Humanity faces some of the biggest challenges in its history. At the same time, the knowledge and technological capability we have at our disposal to meet these challenges are just as great. But meeting these challenges is easier said than done.
It will require the involvement of physicists, chemists, earth scientists, biologists, mathematicians, computer scientists, engineers, clinicians, economists, entrepreneurs, social scientists and policymakers. And although they may share the same goals, they rarely attend the same conferences, read the same journals or even speak the same language. This Global Goals Week we at Springer Nature are asking ourselves what we can do to help bring people together and to join the dots between research and the solutions we need to build a better, more sustainable world.
In 2016, Springer Nature launched the Grand Challenges Programme as a means to focus on what we could do as a publisher to support the Goals in areas that we felt we could make the strongest contribution — sustainable cities, global health, climate change, the digitally transformed world, and the food-energy-water nexus.
We created a portal to showcase content on these topics to encourage researchers to look beyond their own discipline. In 2018, we held the Science and the Sustainable City Summit in Singapore to bring together leaders in research, technology, business and policy to discuss approaches that are already being used to make cities healthier, happier and more equitable for their citizens. We also founded Science on the Hill (formerly known as Science Meets Congress), a series of events held in Washington DC that connects researchers to members of Congress and their staff to discuss the impact that science can have in tackling problems like the energy crisis, plastic waste, and improving public health through artificial intelligence. And we’ve already begun to publish the Encyclopedia of the UN Sustainable Development Goals, the first major reference work addressing each of the 17 Goals, and which sits alongside our flagship SDG monograph series.
So we’ve made a great start. But one thing that has become increasingly clear is the near-boundless enthusiasm of our colleagues in finding ways in which we as a publisher can help to make the world a better place. What’s more, the journals, magazines, books, databases and other researcher services we produce cover every area of academic scholarship. They reach all areas of research that are needed to fulfil the Goals — from the natural sciences to engineering, clinical practice to public policy, mathematics to computer science, humanities and social science to business. Which led us to think that our initial decision to focus on just a subset of the Goals was overly modest.

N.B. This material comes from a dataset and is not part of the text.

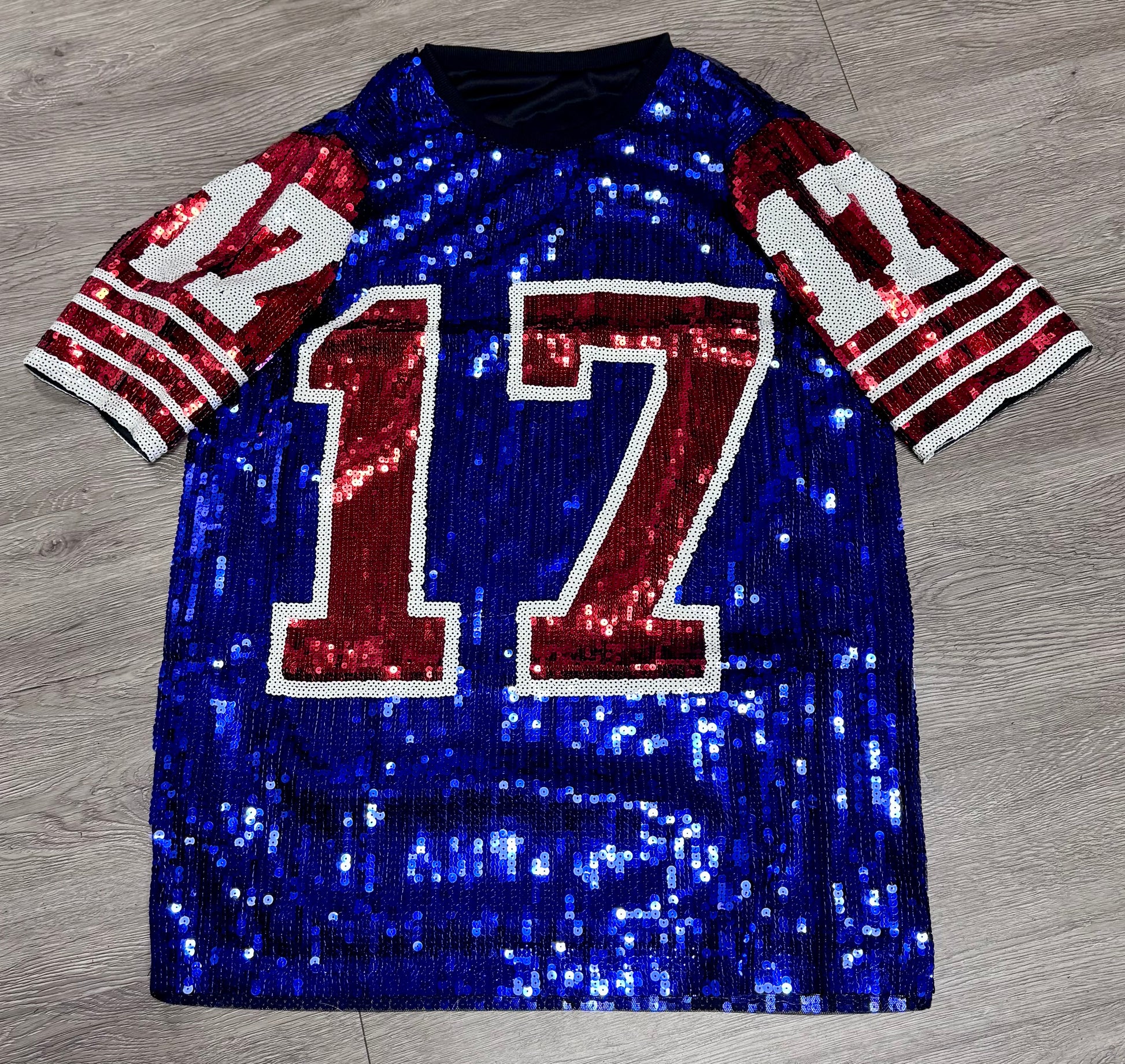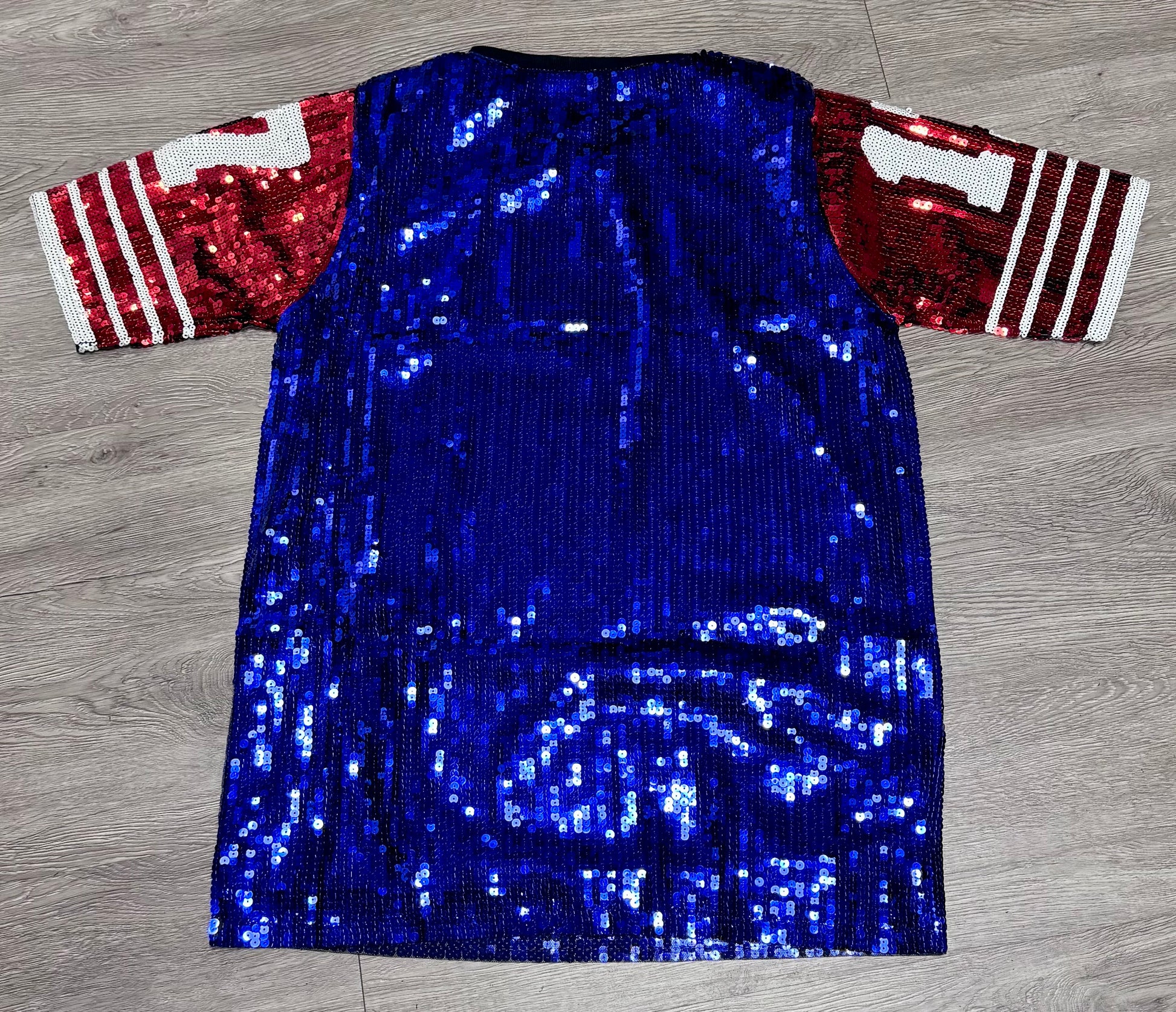 Buffalo Sequin Jersey Dress: Blue & Red Game Day, New York Attire
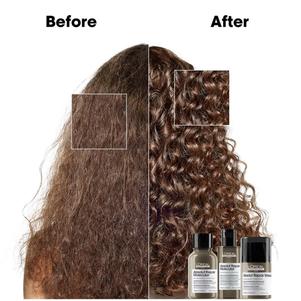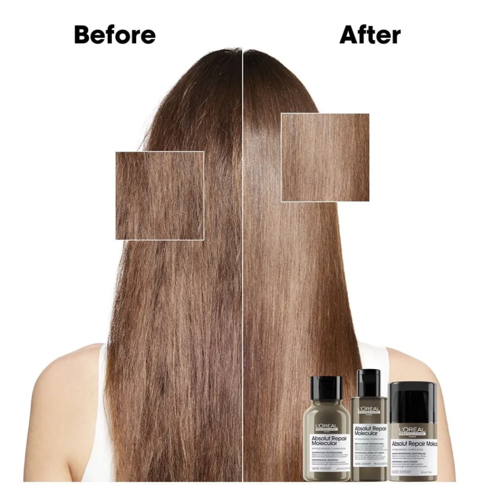 Dette sæt indeholder ministørrelser: Absolut Repair Molecular Shampoo 100 ml, Absolut Repair Molecular Rinse-Off Serum 75 ml & Absolut Repair Molecular Leave-in Maske 50 ml.

And so, earlier this year we decided to expand the remit of our Grand Challenges Programme to become the Springer Nature Sustainable Development Goals Programme. The aim of this programme is to empower a greater span of Springer Nature to contribute to supporting research and researchers from all areas of scholarship to seek solutions to all 17 of the UN Sustainable Development Goals.
We’ve formed internal working groups to assess the ways our publishing activity is already supporting specific goals, and what more we might be able to do to make a meaningful difference to communication, and sometimes collaboration around these goals.
Beyond supporting specific disciplines, we also believe that UN SDG framework presents us with a duty to support researchers in the Global South. Although the challenges that the Goals represent face us all, they weigh most heavily on those in lower and middle-income countries. Our subscription content is already available to researchers in some of the lowest-income countries through Research4Life. And we are the world’s largest Open Access publisher.
But we want to do more. It’s not enough to give researchers in these countries access to our content. Many of the solutions to the goals will only be found in the Global South and can only be found by including scholars, community stakeholders, practitioners and policymakers in the research programmes that seek those solutions at their inception. And so, we want to improve the representation of researchers from these countries as authors, referees and editorial boards of our journals and books.
The challenges that face us demand action from all of us. Each of us can and should do our bit through individual lifestyle changes like eating less meat, using less plastic, consuming less energy. But this is unlikely to be enough. What is needed is coordinated collective action led by governments, informed by experts and consulted on by civil society organisations, businesses and the wider public.